Department of Health Technology, Technical University of Denmark, Kgs Lyngby, Denmark; Stanford University Center for Sleep Sciences and Medicine, Palo Alto, CA, USA.
Department of Health Technology, Technical University of Denmark, Kgs Lyngby, Denmark; Stanford University Center for Sleep Sciences and Medicine, Palo Alto, CA, USA; Danish Center for Sleep Medicine, Department of Clinical Neurophysiology, Rigshospitalet, Glostrup, Denmark.
Sleep Med. 2020 May;69:109-119. doi: 10.1016/j.sleep.2019.12.032. Epub 2020 Jan 23.

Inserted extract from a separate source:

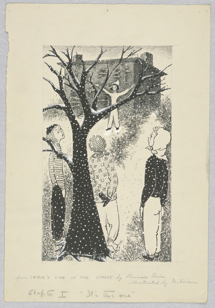 Inscribed in graphite, lower margin: "from CAROL'S SIDE OF THE STREET by Lorraine Beim, illustrated by Malman, Chapter I, 'It's this one.'"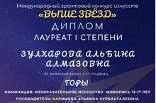 Учащаяся художественного отделения ДШИ - Зулхарова Альбина, преподаватель Каримова А.К., стала лауреатом Международного грантового конкурса искусств "Выше звезд" в номинации Изобразительное искусство, с работой "Горы".

Currently, manual scoring is the gold standard of leg movement scoring (LMs) and periodic LMs (PLMS) in overnight polysomnography (PSG) studies, which is subject to inter-scorer variability. The objective of this study is to design and validate an end-to-end deep learning system for the automatic scoring of LMs and PLMS in sleep.
The deep learning system was developed, validated and tested, with respect to manual annotations by expert technicians on 800 overnight PSGs using a leg electromyography channel. The study includes data from three cohorts, namely, the Wisconsin Sleep Cohort (WSC), Stanford Sleep Cohort (SSC) and MrOS Sleep Study. The performance of the system was further compared against individual expert technicians and existing PLM detectors.
The system achieved an F1 score of 0.83, 0.71, and 0.77 for the WSC, SSC, and an ancillary study (Osteoporotic Fractures in Men Study, MrOS) cohorts, respectively. In a total of 60 PSGs from the WSC and the SSC scored by nine expert technicians, the system performed better than two and comparable to seven of the individual scorers with respect to a majority-voting consensus of the remaining scorers. In 60 PSGs from the WSC scored accurately for PLMS, the system outperformed four previous PLM detectors, which were all evaluated on the same data, with an F1 score of 0.85.
The proposed system performs better or comparable to individual expert technicians while outperforming previous automatic detectors. Thereby, the study validates fully automatic methods for scoring LMs in sleep.
目前,手动评分是夜间多导睡眠图(PSG)研究中腿部运动评分(LMs)和周期性 LMs(PLMS)的金标准,但存在评分者间的变异性。本研究旨在设计和验证一种用于睡眠中 LMs 和 PLMS 自动评分的端到端深度学习系统。
该深度学习系统是针对 800 例夜间 PSG 进行开发、验证和测试的,使用腿部肌电图通道由专家技师进行手动注释。该研究包括三个队列的数据,即威斯康星州睡眠队列(WSC)、斯坦福睡眠队列(SSC)和 MrOS 睡眠研究。该系统的性能还与个别专家技师和现有的 PLM 探测器进行了比较。
该系统在 WSC、SSC 和辅助研究(男性骨质疏松性骨折研究,MrOS)队列中的 F1 评分分别为 0.83、0.71 和 0.77。在来自 WSC 和 SSC 的总共 60 例 PSG 中,由 9 名专家技师进行评分,该系统在多数票共识的情况下,表现优于两名评分者,与 7 名评分者中的 7 名评分者相当。在对 WSC 中 60 例 PSG 进行准确的 PLMS 评分中,该系统在相同数据上评估的四个先前的 PLM 探测器中表现更好,其 F1 评分均为 0.85。
所提出的系统在性能上优于或等同于个别专家技师,同时优于先前的自动探测器。因此,该研究验证了睡眠中 LMs 评分的全自动方法。